Another challenge is retaining your workforce in the face of a shortage of skilled workers.

“Competition is pretty intense with people getting snapped up on short-term contracts that might pay more. All we can do is find people that want to work for Jung Brannen and join in with our adventure.”

“We work with clients that we know want quality and exciting architecture that provides more than a real estate solution. To take that on is an exciting responsibility.”


Talking of which, Pendlebury is keen for his staff to make a good impression throughout the region, and not just for the effect it has on Jung’s bottom line.

“We get our best response from clients when we show sensitivity to the culture of the place and more generally. I tell staff that the client needs to be able to tell the story of a building, explain it to his wife and kids when he gets home.”

“If he can do that, then we know we have succeeded. So we make sure that anyone going out there has a good working knowledge of the area. People we work with respect us, because we know how to respect them.”

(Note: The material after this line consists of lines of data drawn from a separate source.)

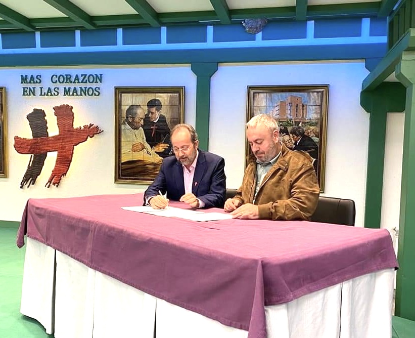 Paco Carmona y José Carlos Bermejo firman el convenio de colaboración para la colaboración con el Centro de Escucha de la diócesis de Palma de Mallorca, recientemente inaugurado en la casa de la Iglesia.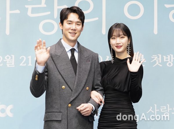 유연석, 문가영이 21일 오후 진행된 JTBC 새 수목드라마 ‘사랑의 이해’ 제작발표회에서 포즈를 취하고 있다.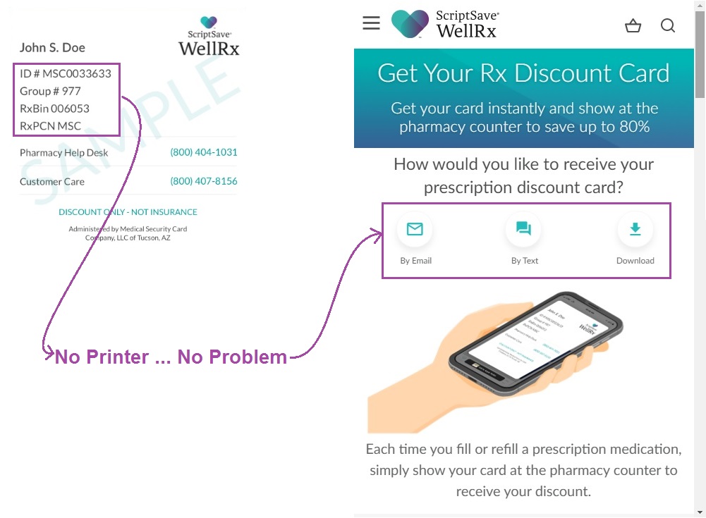 - If you don’t want the app, but you do want a digital card for your phone, you can visit the ScriptSave WellRx website and select the “Download Card” option from the “Get Savings Card” page.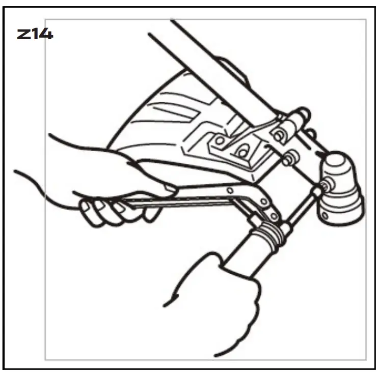 - After starting the engine, check to make sure that the cutting attachment stops rotating when the throttle is moved fully back to its original position. If it continues to rotate even after the throttle has been moved fully back, turn off the engine and take the unit to the dealer for repair.

In this department, Pendlebury takes much inspiration from his father, who himself worked as far afield as South Africa and Japan.

“You have to be prepared to evaluate a number of different systems for a project.”

“Even when he turned 90, my father still got cards and gifts from people he knew in those countries. Like him, we are looking to end up with clients that are friends.”

Despite his focus on the Middle East, Pendlebury remains intimately attached to his native Boston, where his family raised him after moving from the UK.

“It is a great city. Boston is small enough to walk from one side to another and big enough to be pretty important and have an international flavour.”